1PSI Services, LLC, USA
2Carnegie Mellon, USA
3Teachers College Columbia University, USA
4University of Wisconsin—Madison, USA
5University of Illinois at Chicago, USA

Article received 30 December 2019 / revised 10 May/ accepted 12 October/ available online 4 November

Abstract

A driving factor in designing interactive museum exhibits to support simultaneous users is that visitors learn from one another via observation and conversation. Researchers typically analyze such collaborative interactions among museumgoers through manual coding of live- or video-recorded exhibit use. We sought to determine how log data from an interactive multi-user exhibit could indicate patterns in visitor interactions that could shed light on informal collaborative learning. We characterized patterns from log data generated by an interactive tangible tabletop exhibit using factors like “pace of activity” and the timing of “success events.” Here we describe processes for parsing and visualizing log data and explore what these processes revealed about individual and group interactions with interactive museum exhibits. Using clustering techniques to categorize museumgoer behavior and heat maps to visualize patterns in the log data, we found distinct trends in how users solved the exhibit. Some players seemed more reflective, while others seemed more achievement oriented. We also found that the most productive sessions occurred when players occupied all four areas of the table, suggesting that the activity design had the desired outcome of promoting collaborative activity.

Keywords: collaborative interactions; game-based learning; heat maps; cluster analysis; log files; informal learning environments

Info corresponding author email: talie.jorion@gmail.com DOI:https://doi.org/10.14786/flr.v8i6.597

1. Objectives

While the design community harbors enthusiasm for log data analysis, many open questions exist about what this decontextualized data can tell us about collaborative interactions in open-ended tinkering activities. Multi-user touch-tables are gaining popularity in informal spaces like museums for their ability to allow groups of users to interact with the exhibit in a social setting simultaneously (Block et al., 2015; Davis et al., 2013). Such exhibit usage affords interactions conducive to learning, such as observing and exploratory tinkering (Roberts & Lyons, 2017; Yoon et al., 2012). These productive behaviors are observable in live interactions, but observations that span multiple weeks produce too much data to analyze manually (Snibbe, 2006). We hypothesize that log data from such a tabletop interactive exhibit could help identify usage patterns that reveal insights into the collaborative interactions.

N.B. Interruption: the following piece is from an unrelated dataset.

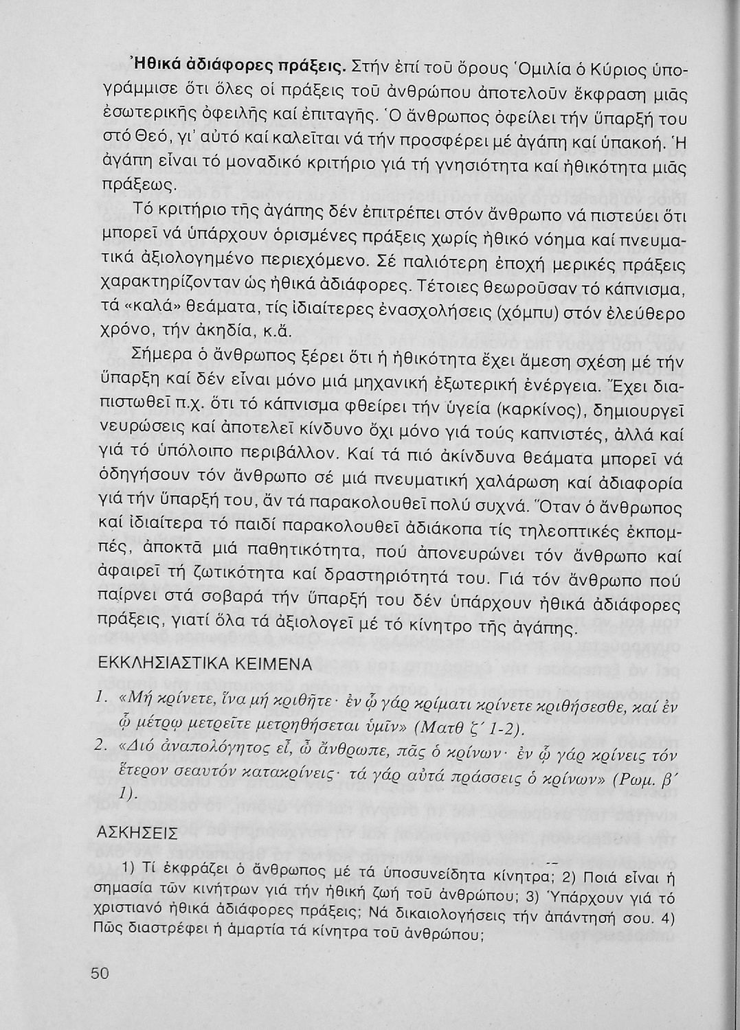 Σχολικό εγχειρίδιο Θρησκευτικών Γ΄ Λυκείου που πραγματεύεται ζητήματα Χριστιανικής ηθικής από φιλοσοφική σκοπιά.

To that aim, we analyzed logfile data from a collaborative tabletop exhibit, Oztoc (Tissenbaum et al., 2017, Figure 1), through hierarchical cluster analysis (HCA) and heatmap visualizations. The game’s objective is to catch fish by creating circuits with different colors and numbers of LEDs. The game space has four separate play stations by design to facilitate collaborative inquiry. The players can create circuits on their own or with the help of others.


Figure 1. The Oztoc Exhibit. The scoreboard is in the background.

In this study, we define collaboration as the process by which two or more agents share pooled understanding to work on a problem. Problems that are complex or ill-defined are well-suited to collaborative problem solving and can lead to individual learning. We conceptualize learning through a constructivist lens as actively building on prior knowledge through experimentation and reflection.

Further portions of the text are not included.